Tous… sauf un… On ne le connaissait pas. On l’appelait le « brigand ». Mais on ne savait as très bien qui l était. Tout ce qu’on savait, c’est qu’il était certainement l’auteur de tous les méfaits et de tous les désordres, et vraiment ce n’était pas beau lorsqu’on pensait à la bonté du roi René. Mais le roi n’était pas seulement bon, il était juste, comme doivent l’être tous les chefs, et l’on était sûr que le jour où le brigand serait arrêté, le roi le punirait à mort. Il y avait, ce matin-là, grande agitation au palais des Baux. Un ministre à longue barbe était venu dire confidentiellement au roi que ça allait fort mal sur la côte.

En effet, une bande de pirates, ou peut-être un pirate tout seul (s’il était très puissant et très diabolique, cela serait encore possible), devait débarquer la nuit pour causer des « malheurs » aux pauvres pêcheurs. A l’aube, ceux-ci se réveillaient et trouvaient leurs poulaillers sans poules, leurs bergeries sans moutons, et leurs beaux figuiers sans figues… Cela ne pouvait plus durer. Il fallait que Sa Majesté fasse quelque chose. Le peuple n’était pas content…

Toujours ce « brigand » !  Le roi tira sa barbe, se cacha le front dans ses mains et prit une grande décision… car il ne badinait pas avec les affaires de l’Etat. Il ordonna que tous ses policiers se répandent sur la côte et capturent ce terrible brigand. Cela n’amusait pas du tout les policiers, mais ils étaient obéissants et dévoués et ils partirent, bien sûrs de ramener le coupable… 

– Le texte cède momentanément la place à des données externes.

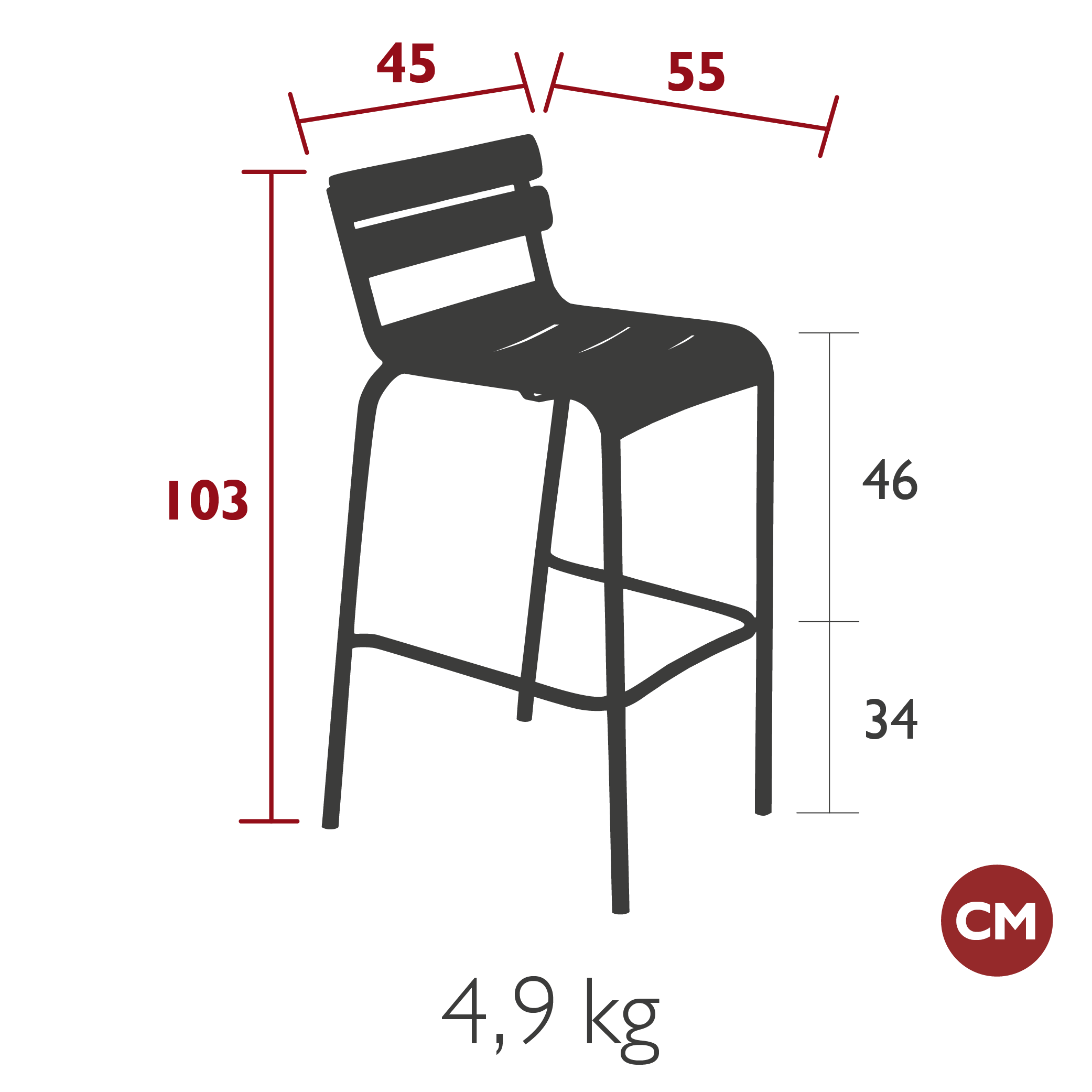 Размер (ШхГхВ): 42x48x77 см. Материал: ударопрочный алюминий, ткань.
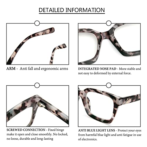 MMOWW Confezione da 3 Occhiali da Lettura Rettangolari - Oversized Square Frame Anti Luce Blu Occhiali donna uomo (Nero+tartaruga blu+tartaruga grigia, 3.0)

Ce n’est qu’au bout de cinq longs mois qu’ils ramenèrent aux Baux un pauvre homme en haillons, vêtu d’un vieux pantalon couleur de rouille, et d’une chemise verte déchirée, un pauvre homme au visage maigre et à la barbe grise. Il avait des cheveux trop longs, une allure sale et un foulard rouge noué sur la tête. Un vrai forban, celui-là ! Les « gens » du village se mirent derrière leur fenêtre pour le regarder passer, et un frisson de terreur les empêchait de parler… Les mains du forban étaient trapues, de grosses mains pour étrangler les poulets, et ses pieds nus étaient couverts de poussière. Il avait un air bourru et regardait tout le monde comme s’il n’avait jamais rien vu. Pourtant on était étonné de voir qu’il avait des yeux tout bleus, tout clairs, comme l’eau de la mer. Car un forban ne doit pas avoir des yeux clairs, mais des yeux ténébreux, noirs comme la nuit, et un regard sombre, « par en-dessous ». Pourtant les policiers étaient sûrs que c’était bien « lui » ! 

Alors on le conduisit vers le trône du roi, qui siégeait, ce jour-là, sur la place publique pour rendre la justice. Le roi le regarda longuement et, se tournant vers ses policiers, leur demanda : 

- Êtes-vous bien sûrs que c’est lui ? Car il ne voulait pas accabler un homme innocent. Mais tous les policiers inclinèrent la tête gravement. 

- Ce ne peut être que lui, Majesté…  - Bon, dit le roi. Et il rendit sa sentence. - Tu auras la tête tranchée, dit-il à l’homme. Mais le forban avait l’air triste, toujours le même air. Et, après-tout, peut-être ne tenait-il pas tant que ça à la vie. Il inclina la tête et ne dit pas un mot. 

- Que peux-tu dire pour ta défense, lui demanda encore le roi. Mais il ne voulait rien dire, et les gens commençaient à être étonnés. Pourquoi n’essayait-il pas de s’expliquer ? C’était sûrement qu’il était coupable. Et une rumeur sourde courait parmi l’assemblée. 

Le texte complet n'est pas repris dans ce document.